EXERCISE AIM
For this listing, reproduce the line with "Persian Tribal Rug", the line with "全力以赴,保订单; 四方联动,保品质; 多措并举,保交付。", and the lines between, exactly as they stand. Leave out pictures and all other lines.

STUDY MATERIAL
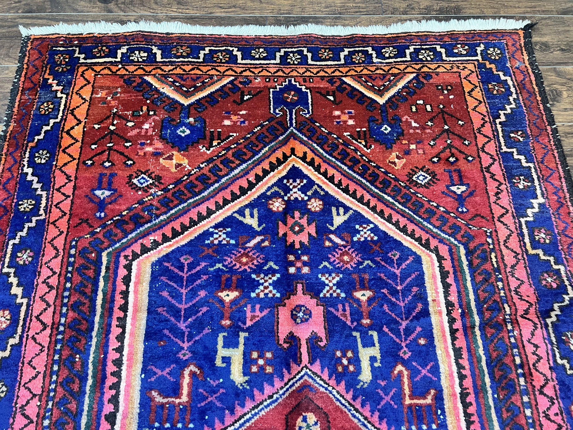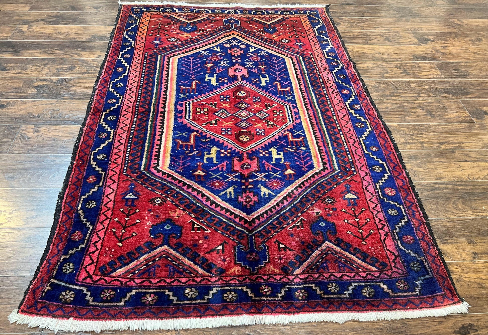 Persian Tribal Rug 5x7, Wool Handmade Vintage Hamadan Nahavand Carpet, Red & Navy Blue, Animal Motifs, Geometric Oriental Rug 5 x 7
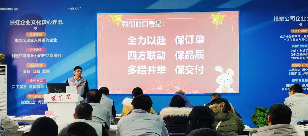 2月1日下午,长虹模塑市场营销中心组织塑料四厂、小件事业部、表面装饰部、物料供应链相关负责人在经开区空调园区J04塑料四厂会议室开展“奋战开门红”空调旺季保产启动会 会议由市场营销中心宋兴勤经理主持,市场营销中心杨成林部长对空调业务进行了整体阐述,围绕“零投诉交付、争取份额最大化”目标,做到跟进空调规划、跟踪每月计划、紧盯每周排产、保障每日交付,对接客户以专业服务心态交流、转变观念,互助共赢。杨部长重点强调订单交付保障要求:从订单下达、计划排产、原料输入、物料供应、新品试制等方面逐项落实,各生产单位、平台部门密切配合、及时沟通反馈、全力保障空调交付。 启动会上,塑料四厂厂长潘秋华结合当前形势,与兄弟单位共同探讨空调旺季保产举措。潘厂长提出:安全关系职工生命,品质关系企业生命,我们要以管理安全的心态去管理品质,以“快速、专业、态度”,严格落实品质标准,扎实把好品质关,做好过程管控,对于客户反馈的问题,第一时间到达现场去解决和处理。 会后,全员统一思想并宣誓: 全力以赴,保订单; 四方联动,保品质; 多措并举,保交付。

---

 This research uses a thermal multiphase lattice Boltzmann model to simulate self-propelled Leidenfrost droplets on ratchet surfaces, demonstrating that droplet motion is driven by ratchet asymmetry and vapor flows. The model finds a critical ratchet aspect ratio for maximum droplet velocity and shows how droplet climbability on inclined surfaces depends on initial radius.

REPLY TO THE TASK
 Persian Tribal Rug 5x7, Wool Handmade Vintage Hamadan Nahavand Carpet, Red & Navy Blue, Animal Motifs, Geometric Oriental Rug 5 x 7
 2月1日下午,长虹模塑市场营销中心组织塑料四厂、小件事业部、表面装饰部、物料供应链相关负责人在经开区空调园区J04塑料四厂会议室开展“奋战开门红”空调旺季保产启动会 会议由市场营销中心宋兴勤经理主持,市场营销中心杨成林部长对空调业务进行了整体阐述,围绕“零投诉交付、争取份额最大化”目标,做到跟进空调规划、跟踪每月计划、紧盯每周排产、保障每日交付,对接客户以专业服务心态交流、转变观念,互助共赢。杨部长重点强调订单交付保障要求:从订单下达、计划排产、原料输入、物料供应、新品试制等方面逐项落实,各生产单位、平台部门密切配合、及时沟通反馈、全力保障空调交付。 启动会上,塑料四厂厂长潘秋华结合当前形势,与兄弟单位共同探讨空调旺季保产举措。潘厂长提出:安全关系职工生命,品质关系企业生命,我们要以管理安全的心态去管理品质,以“快速、专业、态度”,严格落实品质标准,扎实把好品质关,做好过程管控,对于客户反馈的问题,第一时间到达现场去解决和处理。 会后,全员统一思想并宣誓: 全力以赴,保订单; 四方联动,保品质; 多措并举,保交付。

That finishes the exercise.